Mark Pennesi, MD, PhD, Oregon Health & Science University, said that the clinical research community needs to work closely with the FDA to identify endpoints that are better suited for clinical trials of therapies for Usher syndrome and related conditions.
Dual vector gene therapies: To overcome the challenge of delivering the large MYO7A gene into retinal cells via gene augmentation therapy, both Alberto Auricchio, MD, at the Telethon Institute of Genetics and Medicine (TIGEM), and Shannon Boye, PhD, of Atsena Therapeutics and University of Florida, presented their dual-AAV vector approaches for delivering the MYO7A gene to retinal cells. Both of these approaches involve delivery of the gene in two containers — the front half in one container and the back half in another. When the two halves arrive in the cells, they join together through a natural process called homologous recombination to make the full-length gene so that the full-length protein can be produced.

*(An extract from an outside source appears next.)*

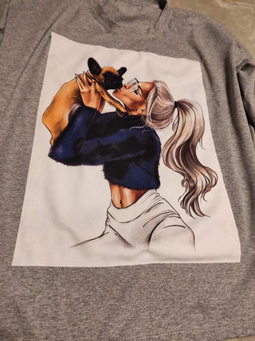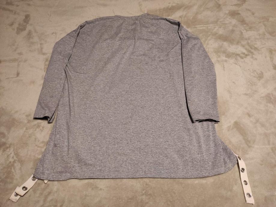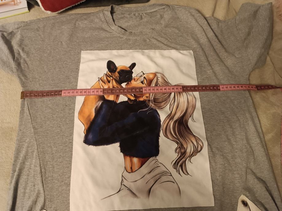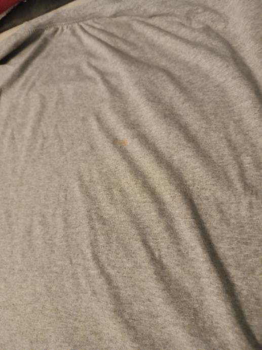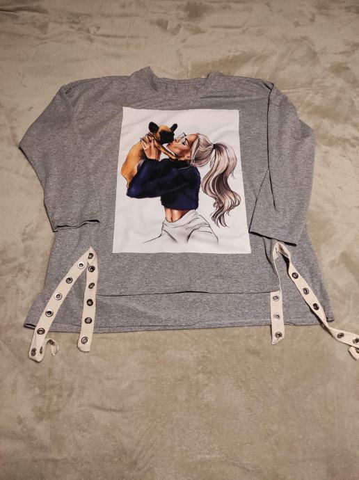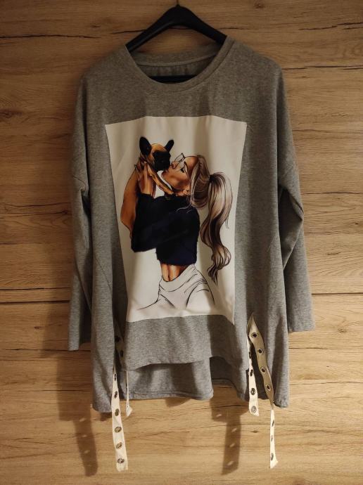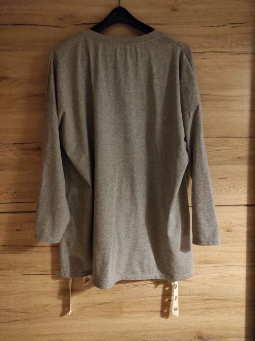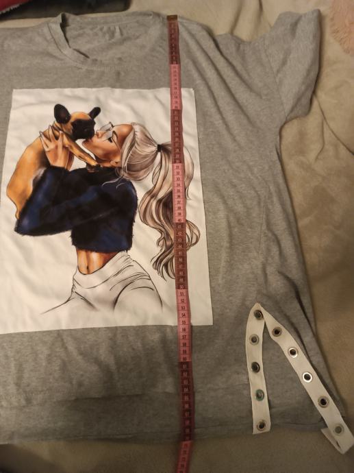 Duža majica s efektnim printom. Veličina ne piše, otprilike L. Širina je 58, dužina s prednje strane 64, sa stražnje 70, na slikama se vidi gdje je mjereno. Sa stražnje strane ima mrljicu, vidi se na zadnjoj slici, zato je cijena snižena. Pogledajte i ostale moje oglase, na više kupljenih stvari popust.

AAVantgarde Bio, co-founded by Dr. Auricchio, is planning to begin enrollment for a Phase 1/2 clinical trial of their dual-vector approach for USH1B in April 2022.
Atsena Therapeutics, co-founded by Dr. Boye and funded through the Foundation’s RD Fund, has made significant progress in developing a safe and effective dual vector AAV therapy, having evaluated dozens of different constructs. The company is close to selecting a lead candidate, and from there will move into IND-enabling studies for launching a clinical trial.
Dr. Boye noted that while both companies are developing dual-vector gene therapy approaches which apply homologous recombination, they are technically different.
Dr. Boye added, “Alberto and I have known each other for a long time and we both see the value of collaborating in a precompetitive space. It’s what helps get these treatments over the finish line more quickly.”
While the Foundation is focused on emerging therapies that directly address USH1B, we are also encouraged by the progress being made in our investments in gene-agnostic approaches, like those from Nacuity and SparingVision, which are in, or approaching, clinical trials.
NACA small molecule: Nacuity Pharmaceuticals’ Halden Conner, MBA, and Jami Kern, MBA, PhD, reviewed the Phase 1/2 clinical trial in Australia for the antioxidative molecule NACA being developed by their company. Initiated in January 2020, the 24-month study is enrolling 48 participants with Usher syndrome (all forms). The company will report six-month results in the last quarter of 2021 and 12- and 18-month results in 2022. A clinical trial for retinitis pigmentosa is planned in the US and Australia in 2022.
The oral, gene-agnostic drug is designed to slow vision loss by reducing oxidative stress.
Headquartered in Dallas, Nacuity is funded through the Foundation’s RD Fund.
“While the Foundation is focused on emerging therapies that directly address USH1B, we are also encouraged by the progress being made in our investments in gene-agnostic approaches, like those from Nacuity and SparingVision, which are in, or approaching, clinical trials,” said Benjamin Yerxa, PhD, the Foundation’s chief executive officer. “These have the potential to preserve vision for a broad range of retinal disease patients, including those with USH1B.”